▸ **HOW TO COMPLETE THIS TASK**
Find "Daniel Jones is" in the material below, then write out that line and every line after it exactly, ending with the last one; skip the pictures.

▸ **DATA BELOW**
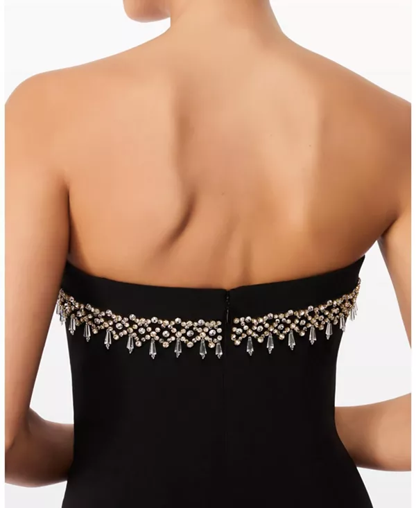 Бренд: Jenny Packham Цвет: черный Элегантное и современное, это черное платье без бретелей - образец изысканности вечернего наряда. Скроенный лиф точно повторяет контуры тела, визуально удлиняя силуэт и позволяя ткани изящно струиться. Нежная кристальная отделка подчеркивает вырез, придавая ему легкое мерцание. Идеальный выбор для вечера сдержанного гламура.
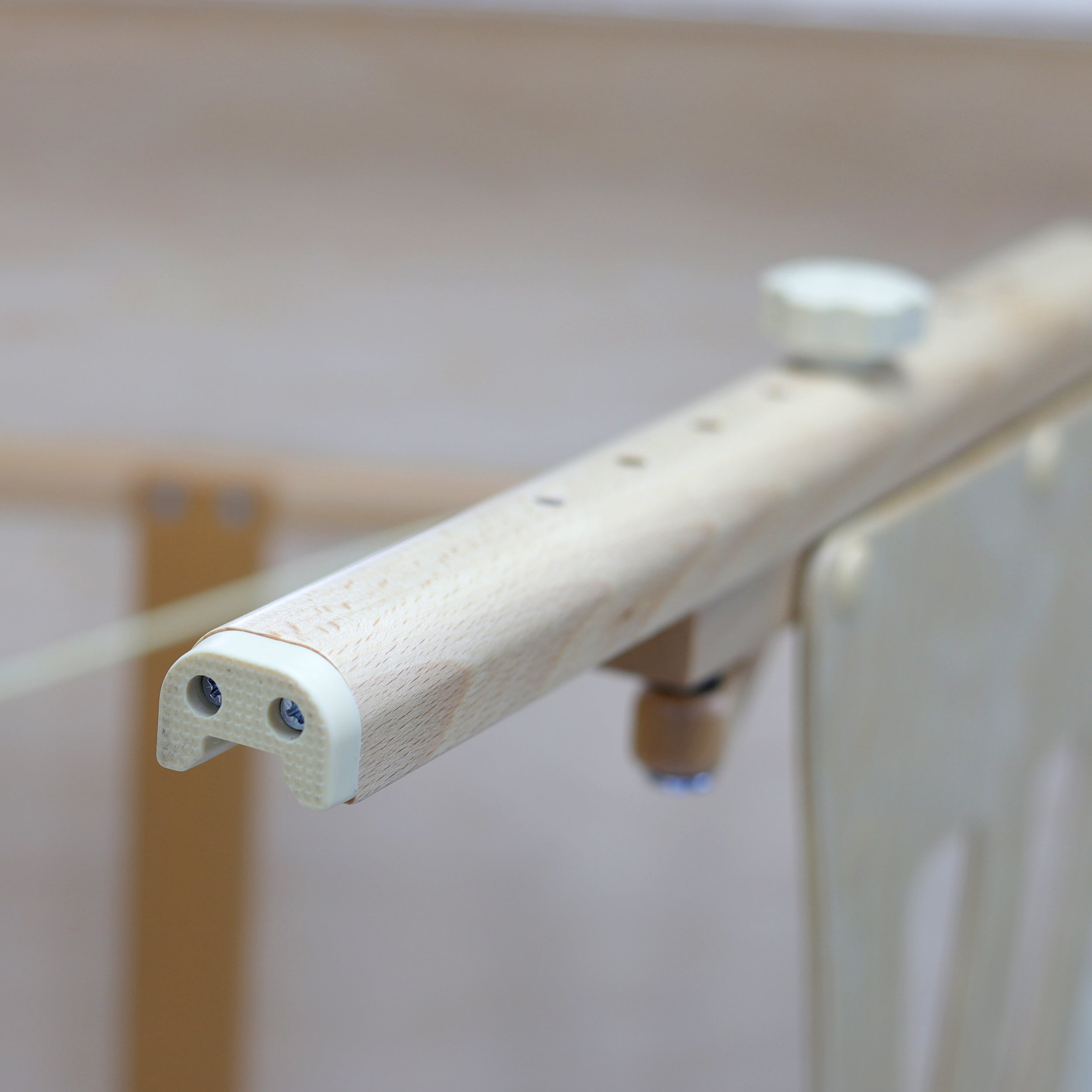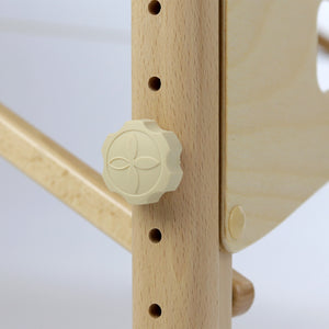 comfortabele rubberen verstelknop met het Habys-logo, met een extra laag vilt ter bescherming van houten elementen
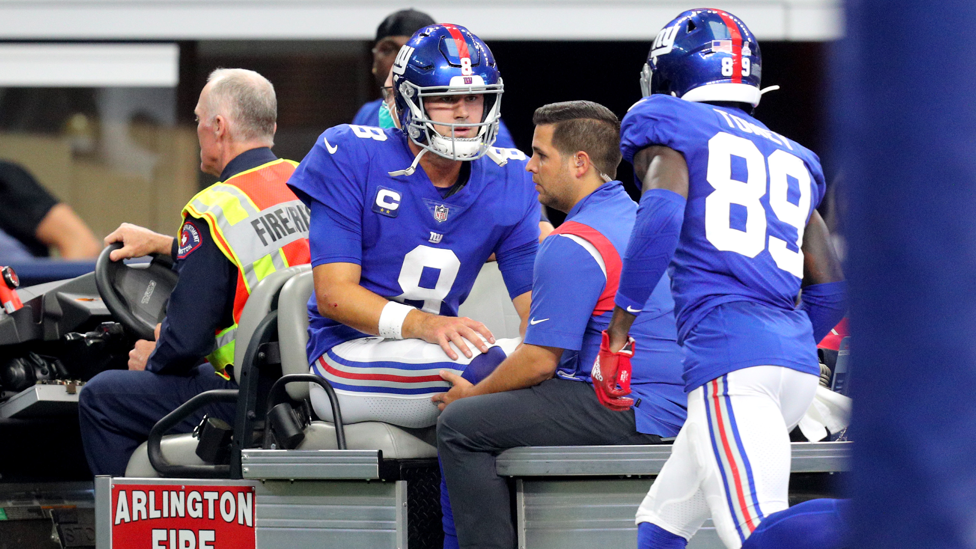 Daniel Jones is back under center for the Giants after missing last week for an injury. Daniel Jones struggled to walk off the field and was eventually carted to the locker room following a nasty helmet-to-helmet hit in the first half of Sundays NY Giants game in Dallas against. The hits just keep on coming for the Giants.
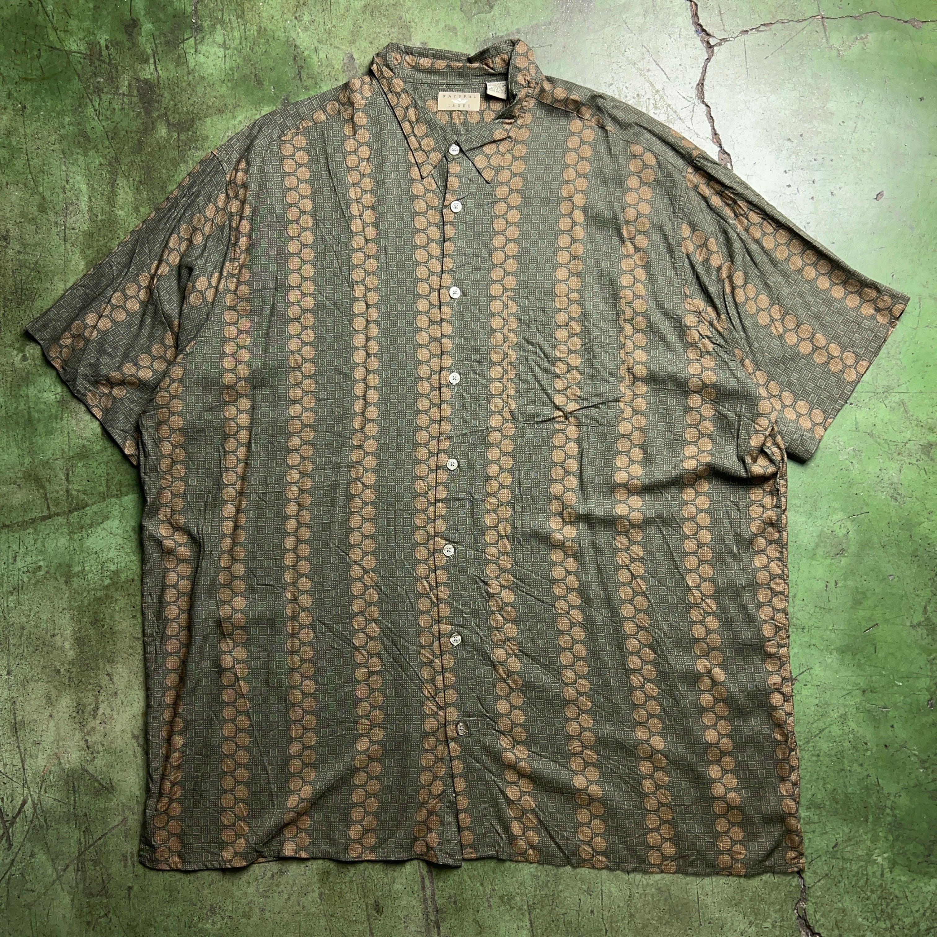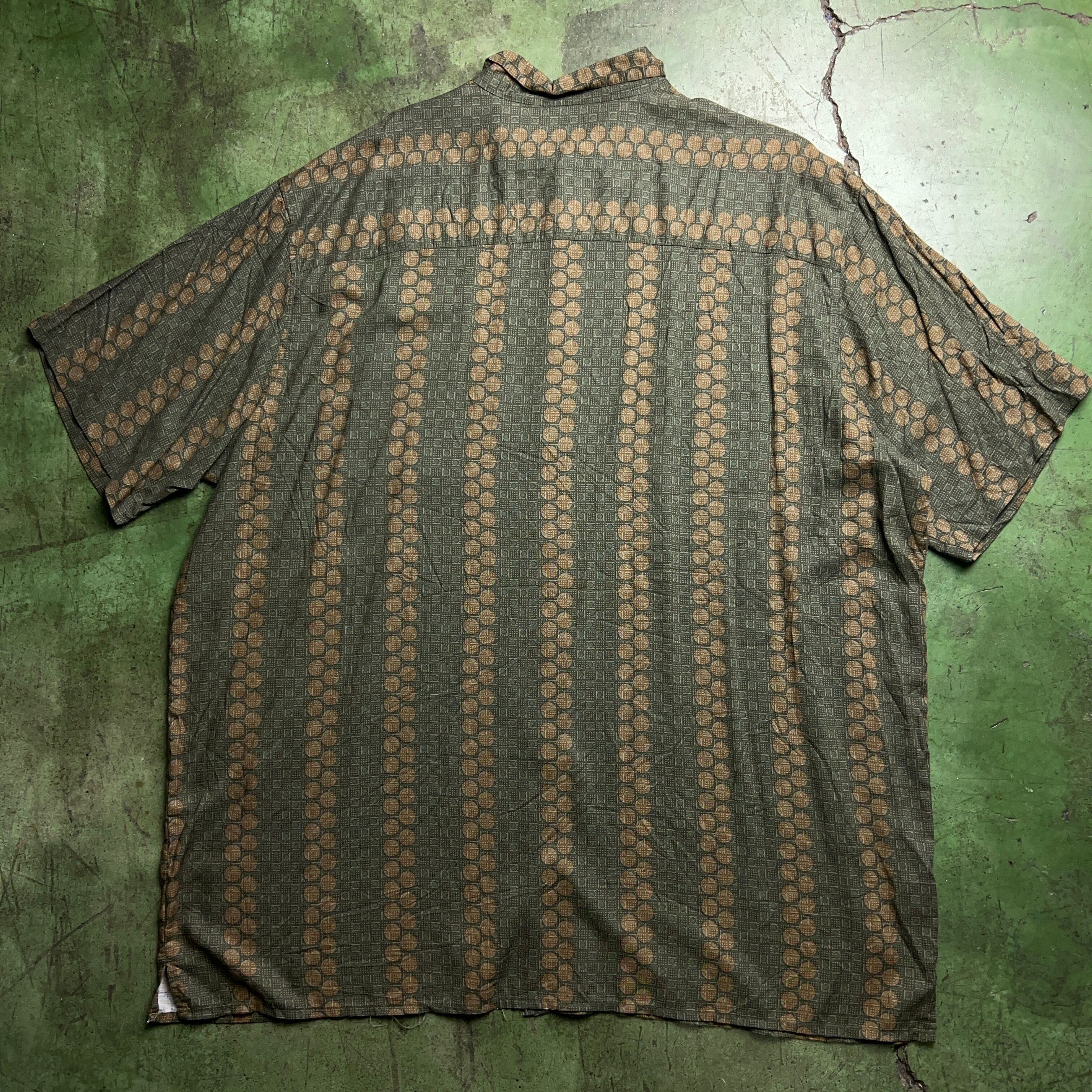 ”NATURAL ISSUE" Rayon Big Shirt ビッグサイズ 半袖シャツ 総柄シャツ カーキ サイズ2XL レーヨン【3000円均一商品】【TH0766】

▸ **EXERCISE RESULT**
 Daniel Jones is back under center for the Giants after missing last week for an injury. Daniel Jones struggled to walk off the field and was eventually carted to the locker room following a nasty helmet-to-helmet hit in the first half of Sundays NY Giants game in Dallas against. The hits just keep on coming for the Giants.
 ”NATURAL ISSUE" Rayon Big Shirt ビッグサイズ 半袖シャツ 総柄シャツ カーキ サイズ2XL レーヨン【3000円均一商品】【TH0766】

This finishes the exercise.